Wow, I always knew I was using Excel all wrong.
posted by Lokisbane at 11:10 AM on February 25, 2010


The best use I've come up for Excel (I mean aside from boring spreadsheet-y things) was Excel Battleship. You and a coworker both come up with a set of ships - length, number, etc. You then determine a field size (say A1 to E20). Use fill color to fill in your ships.
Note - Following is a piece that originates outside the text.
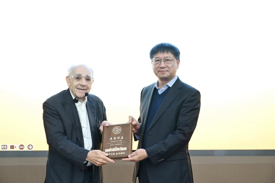 【新闻来源:EMC易倍平台新闻中心网站】10月21日,美国科公司院士、上海大学超分子化学与催化研究中心教授Julius Rebek Jr.应邀做客EMC易倍平台鼎新讲座,以“Molecular Assembly and Encapsulation Chemistry in Small Space”为题,为吉大师生带来精彩的学术讲座。中国科公司院士、EMC易倍平台董事长张希主持讲座,并为Rebek教授颁发“鼎新讲座纪念牌”。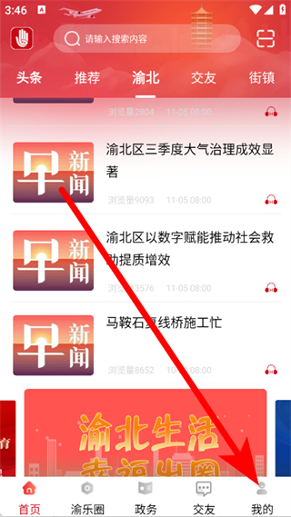1、打開渝北掌媒,在首頁點擊底部我的,進(jìn)入我的頁面。

Next, spend the day exchanging emails with your guesses. You can even play this on a regular spreadsheet if you like. That way if a boss happens to catch you, it just looks like you've done some odd coloring to your work.
posted by ErikaB at 11:28 AM on February 25, 2010


Excel Football Manager is quite good.

(excel version link in lower left of page)
posted by Mr Bismarck at 11:43 AM on February 25, 2010


Our old buy plans (SKU information for buyers) used to be 10-15 pages with 5 thousand rows in each and TONS of linked files to our data warehouse. It would take 10 minutes to open and god help you if you needed to change forumlas or a data point in a pivot table, but once up and working, it was pretty stable.

...until you went above 10,000 cell variations then it would become completely unusable.
posted by subaruwrx at 11:56 AM on February 25, 2010


Awesome Gundam, dude, really, and I totally appreciate the use of primitive tools to accomplish great things but, um... you sure did spend an awful lot of time shining and polishing up that Gundam crotch over and over.
posted by majick at 12:09 PM on February 25, 2010 [2 favorites]


I recognize that song in the background ... wasn't that originally a piano piece written so that it could be played with one hand?

At least at the end, the guitars are playing the first three-quarters or so of BWV 847, one of the preludes from Bach's Well-Tempered Clavier. It is definitely a two-handed piece.
posted by aaronbeekay at 3:19 PM on February 25, 2010


No, Access is for emailing pictures to your friends. Sometimes even people you barely know.
posted by sneebler at 8:14 PM on February 25, 2010


I use Access for composing my trio sonatas for violin and basso continuo. Doesn't everyone?
posted by armage at 2:42 AM on February 26, 2010


A friend of mine wrote an online PONG game in access once (using the db to store the paddle location), or so he claimed.